We went from a few selected and hand crafted local propaganda sources to world wide fully automated propaganda machines...
If I had to choose I'd chose the former personally. Information is always opinionated but i'd rather have my local flavor of propaganda over 3 channels and 2 newspapers rather than having foreign propaganda from all around the world drilling in the heads of my neighbours and family members 24/7.
Yet anti-war protests were orders of magnitude stronger in the 1980s, Iran Contra was treated like real scandal [1] and politicians occasionally had to resign for misbehavior.
Political awareness was much stronger than now and economic issues had far more screen time.
The legacy media was better though than now, despite obvious missteps like hyping up the second Iraq war.
[1] No one would care these days about old weapons being sold to Iran to finance a coup in, say, Venezuela. Of course one would use a coin scam to generate slush funds nowadays.
What is the argument being made here? That we've done stupid and damaging things to our brains in the past so we just stop worrying and just double down?
As dumb as People magazine is/was, it is not algorithmically optimized to hook its readers through constant notifications and rewards.
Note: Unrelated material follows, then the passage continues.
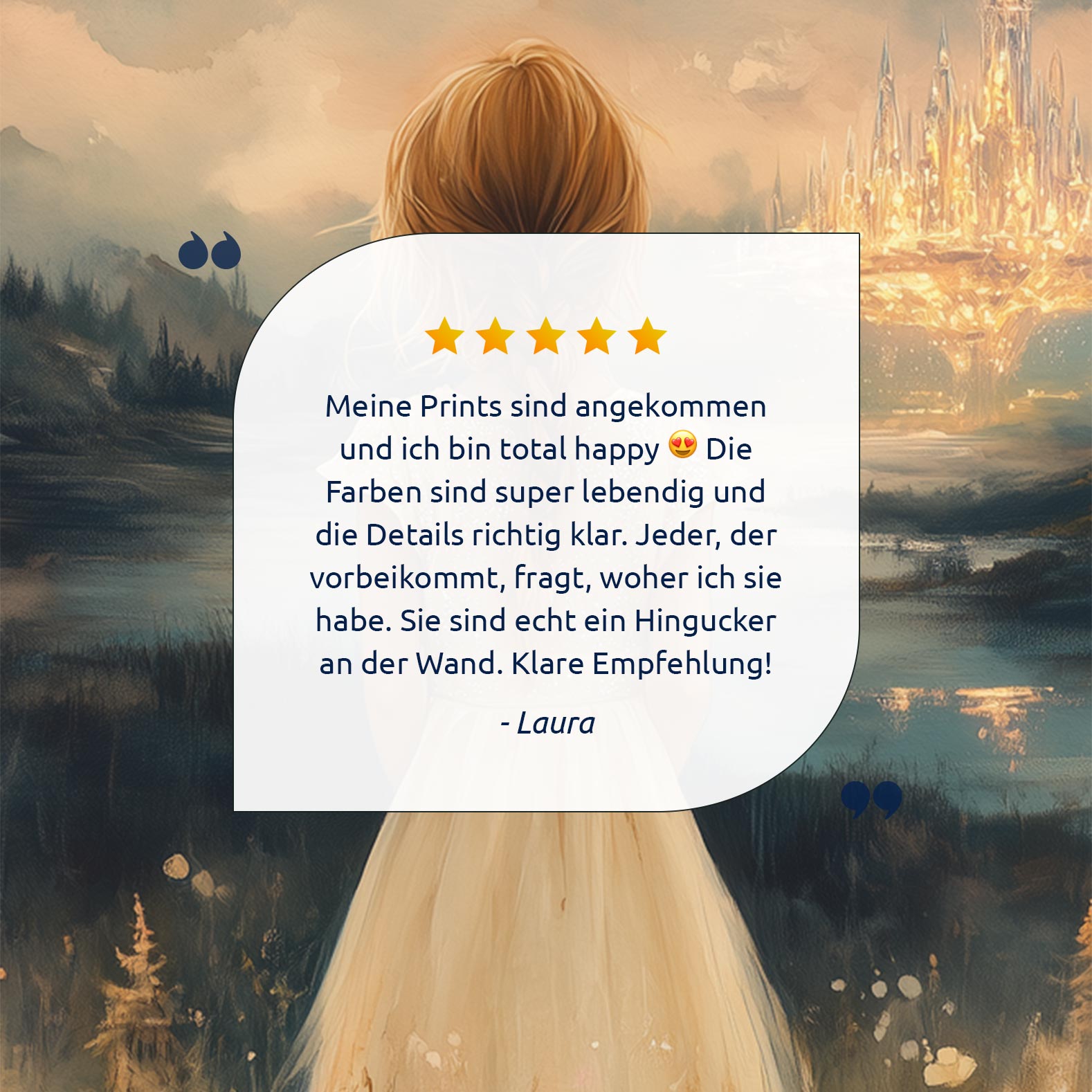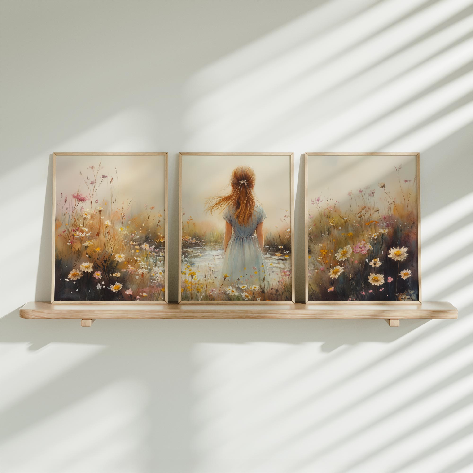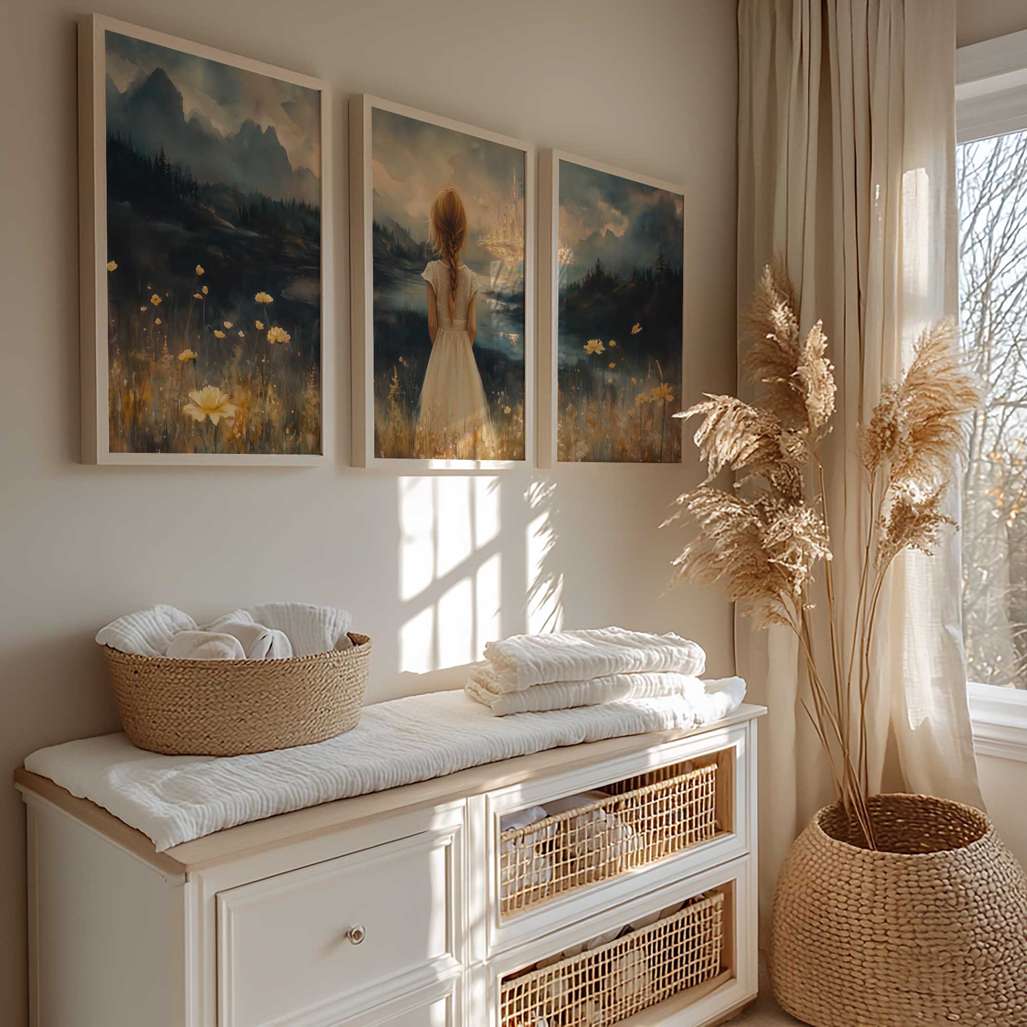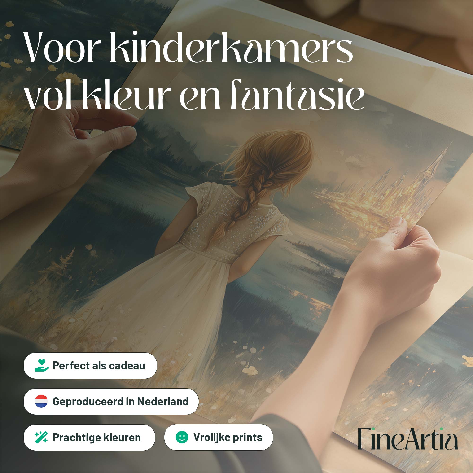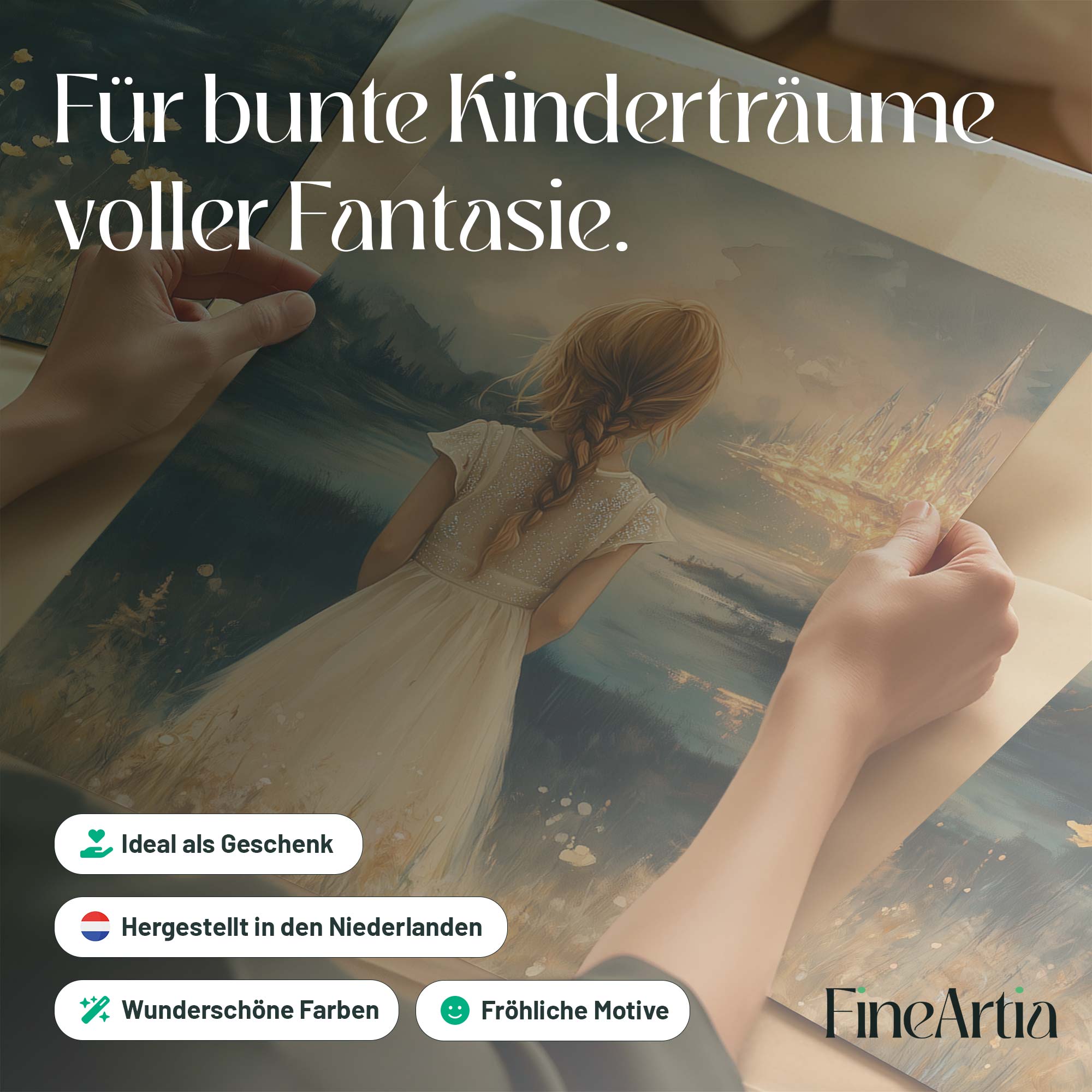 Terug naar collectie Posters Dromerig Meisje in Bloemenveld met Betoverend Kasteel

I'd say social media has the edge in terms of its ability to cause sleep deprivation, cognitive fragmentation, and addiction, especially in kids.
Past media may have prepped us with some brain rot that's now causing people to prostrate themselves to the tech giants in exchange for not having to work as hard. But that doesn't mean that an acceleration of social media, slop, and loss of transparency on the information we take in isn't going to be extremely worse.
Exactly. The article should just say “Mass consumption of media causes brain rot” because since 1900 that’s all it’s doing.
Radio programs that caused mass hysteria. TV advertising that caused people to cook plastics into their food. The advertisements for hair loss. For ED. For testosterone, for bunions, warts, insomnia, apnea, eczema, droopy eye, eye bags, teeth, dogs teeth, cats bum, extended car warranty, leasing a car, phones, computers, vbros, and all those TikTok “hacks” which are just mcguyver poor people hacks.